EXERCISE DATA:

··········

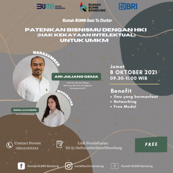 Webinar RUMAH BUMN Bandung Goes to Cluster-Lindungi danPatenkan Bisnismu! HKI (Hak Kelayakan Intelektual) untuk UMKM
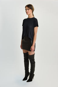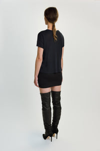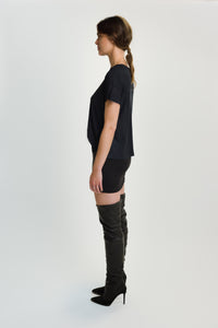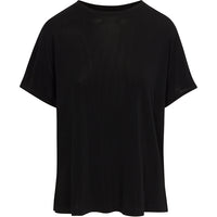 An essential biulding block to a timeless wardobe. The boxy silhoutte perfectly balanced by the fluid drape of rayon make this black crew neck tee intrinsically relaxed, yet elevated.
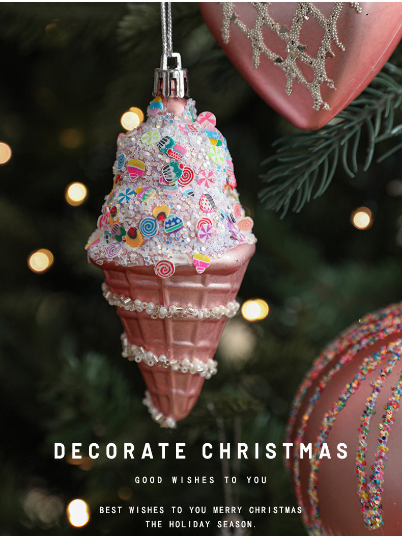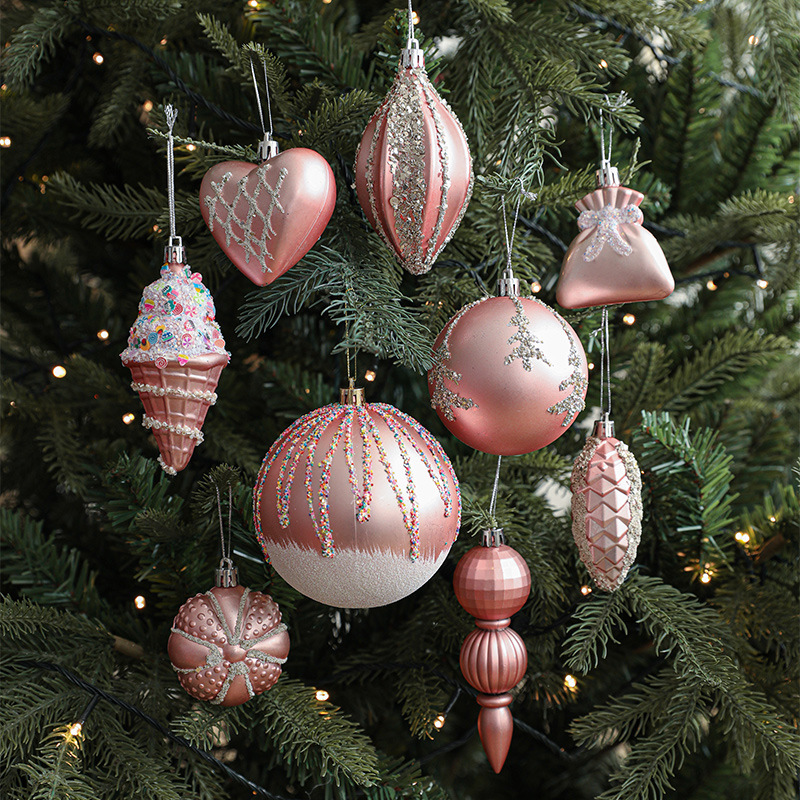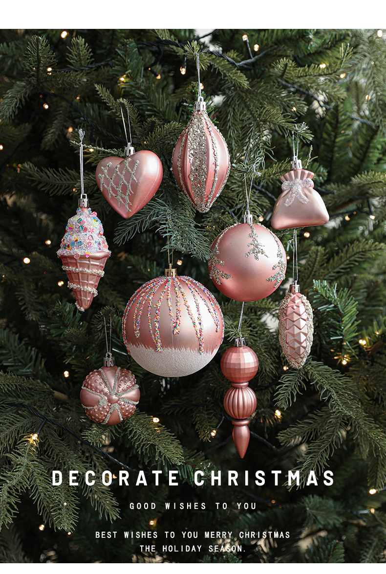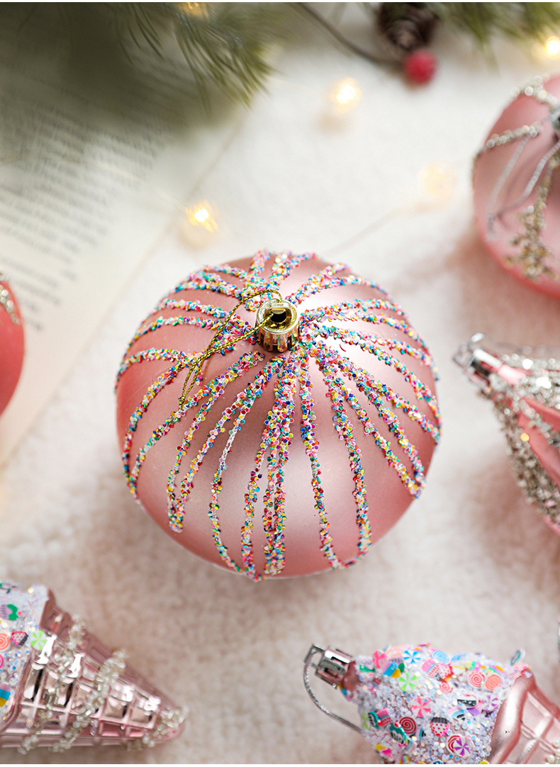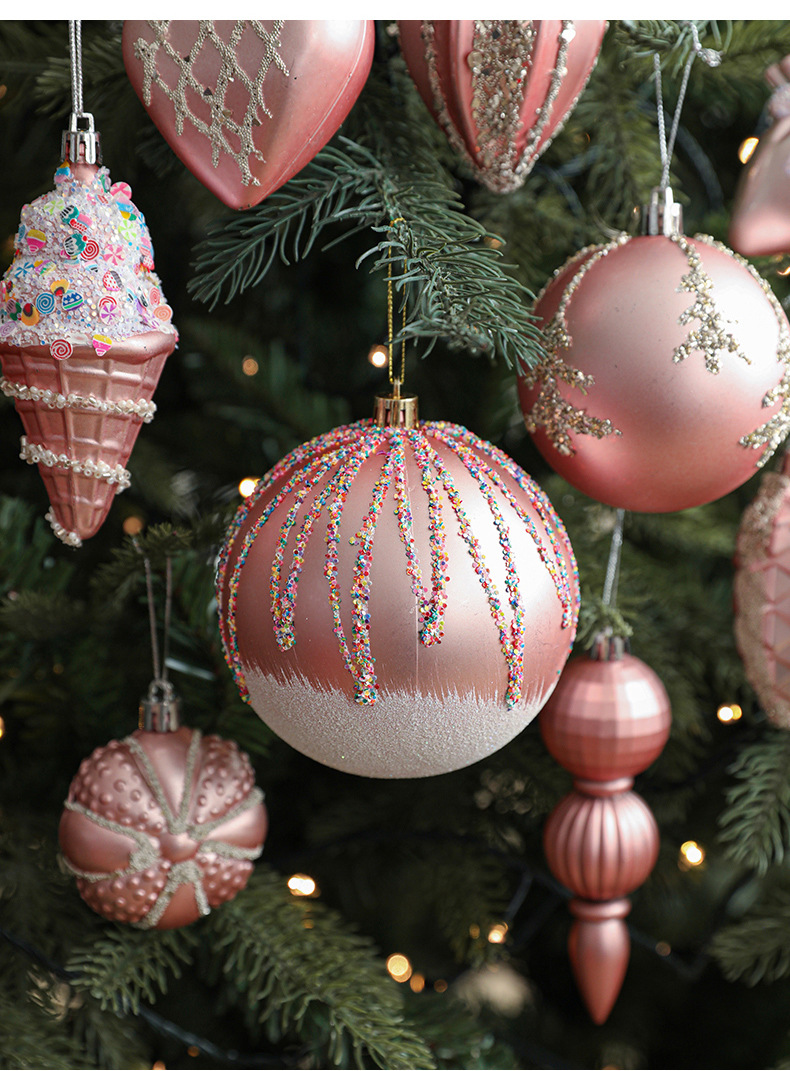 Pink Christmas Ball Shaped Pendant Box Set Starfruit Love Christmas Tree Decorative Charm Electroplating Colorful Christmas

··········

EXERCISE:
Return the listing above in full and without alteration, excluding its pictures.

ANSWER BOX:
 Webinar RUMAH BUMN Bandung Goes to Cluster-Lindungi danPatenkan Bisnismu! HKI (Hak Kelayakan Intelektual) untuk UMKM
 An essential biulding block to a timeless wardobe. The boxy silhoutte perfectly balanced by the fluid drape of rayon make this black crew neck tee intrinsically relaxed, yet elevated.
 Pink Christmas Ball Shaped Pendant Box Set Starfruit Love Christmas Tree Decorative Charm Electroplating Colorful Christmas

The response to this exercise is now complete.